#### Explain Solution R.D.Sharma Class 12 Chapter 5 deteminants Exercise 5.4 Question 15 maths Textbook Solution.

Answer:$\mathrm{x}=5, \mathrm{y}=-3 \text { and } \mathrm{z}=-2$

Hint: Use Cramer’s rule to solve a system of linear equations

Given:

\begin{aligned} &2 y-3 z=0 \\ &x+3 y=-4 \\ &3 x+4 y=3 \end{aligned}

Solution:

First take coefficient of variables x, y and z.

\begin{aligned} |\mathrm{A}| &=\left|\begin{array}{ccc} 0 & 2 & -3 \\ 1 & 3 & 0 \\ 3 & 4 & 0 \end{array}\right| \\ &=0(0)-2(0-0)-3(4-9) \\ &=-3(-5) \\ &=15 \end{aligned}                                                                                $\because$(Taking first row for solving determinant)

Now for x, the x column is replaced with constant column i.e.

\begin{aligned} \mathrm{D}_{\mathrm{x}} &=\left|\begin{array}{ccc} 0 & 2 & -3 \\ -4 & 3 & 0 \\ 3 & 4 & 0 \end{array}\right| \\ &=0(0)-2(0)-3(-16-9) \\ &=-3(-25) \\ &=75 \end{aligned}

If we are solving for y, the y column is replaced with constant column i.e.

\begin{aligned} \mathrm{D}_{\mathrm{y}} &=\left|\begin{array}{ccc} 0 & 0 & -3 \\ 1 & -4 & 0 \\ 3 & 3 & 0 \end{array}\right| \\ &=0(0)-0(0)-3(3+12) \\ &=-3(15) \\ &=-45 \end{aligned}

If we are solving for z, the z column is replaced with constant column i.e.

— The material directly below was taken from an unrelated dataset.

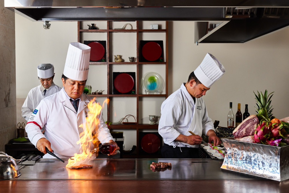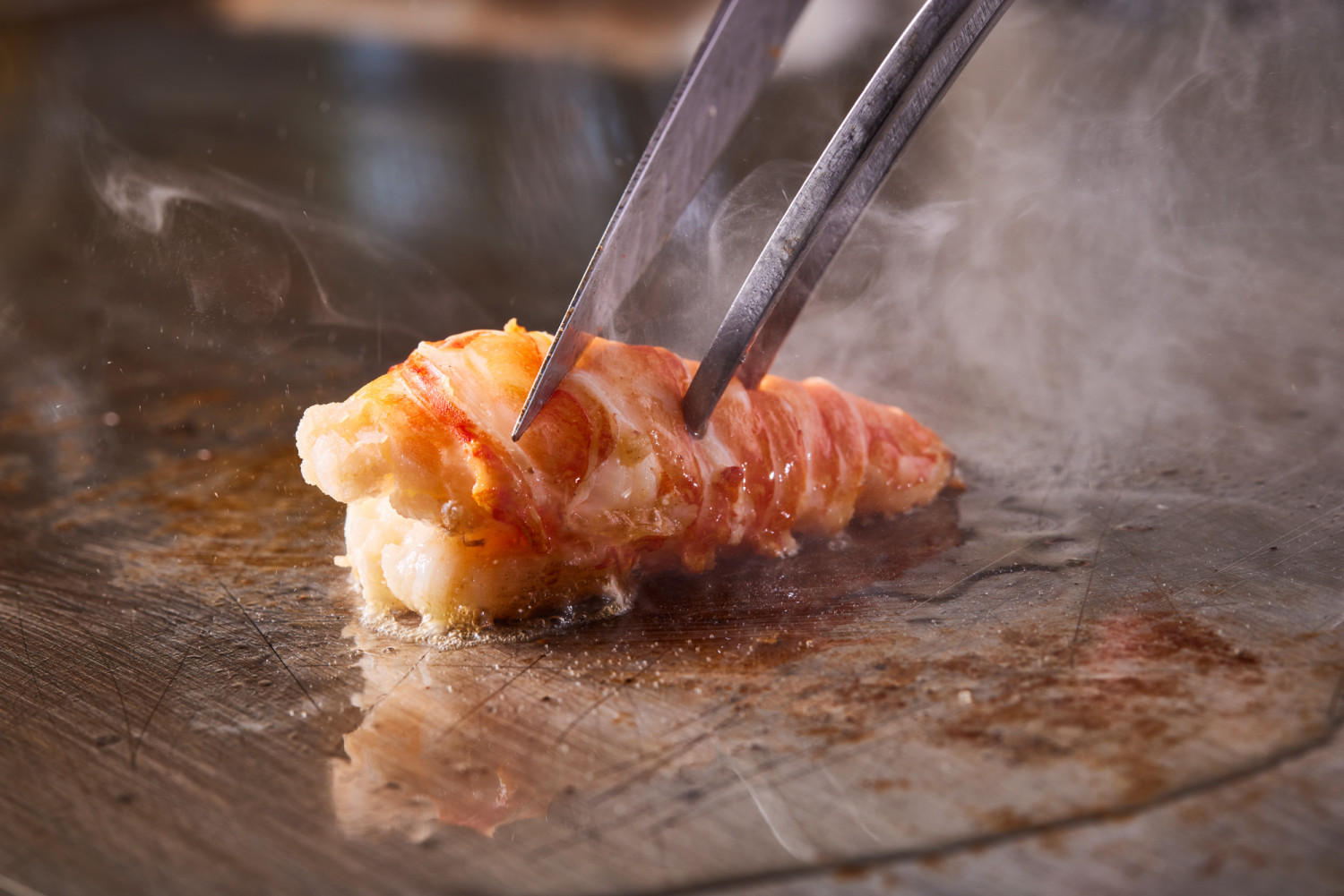 目の前で調理を行うライブキッチンでは、香ばしい香りと音、出来たての美味しさをその場で楽しめる鉄板焼き料理が楽しめます。ディナーの鉄板焼きコースで使用する厚さ5センチ、長さ1メートルの本格鉄板を使い、シェフがお客様の目の前で焼き上げます。

\begin{aligned} \mathrm{D}_{z} &=\left|\begin{array}{ccc} 0 & 2 & 0 \\ 1 & 3 & -4 \\ 3 & 4 & 3 \end{array}\right| \\ &=0(9+16)-2(3+12)+0(4-9) \\ &=0-2(15)+0 \\ &=-30 \end{aligned}

By Cramer’s rule,

\begin{aligned} &\Rightarrow x=\frac{D_{x}}{D}=\frac{75}{15}=5 \\ &\Rightarrow y=\frac{D_{y}}{D}=\frac{-45}{15}=-3 \\ &\Rightarrow z=\frac{D_{z}}{D}=\frac{-30}{15}=-2 \end{aligned}

Concept: Determinant solving of 3 x 3 matrix (Cramer’s rule)

Note: Cramer’s rule will give us unique solution to a system of equations, if it exists. However, if the system has no solution or an infinitive number of solutions that is determinant is zero.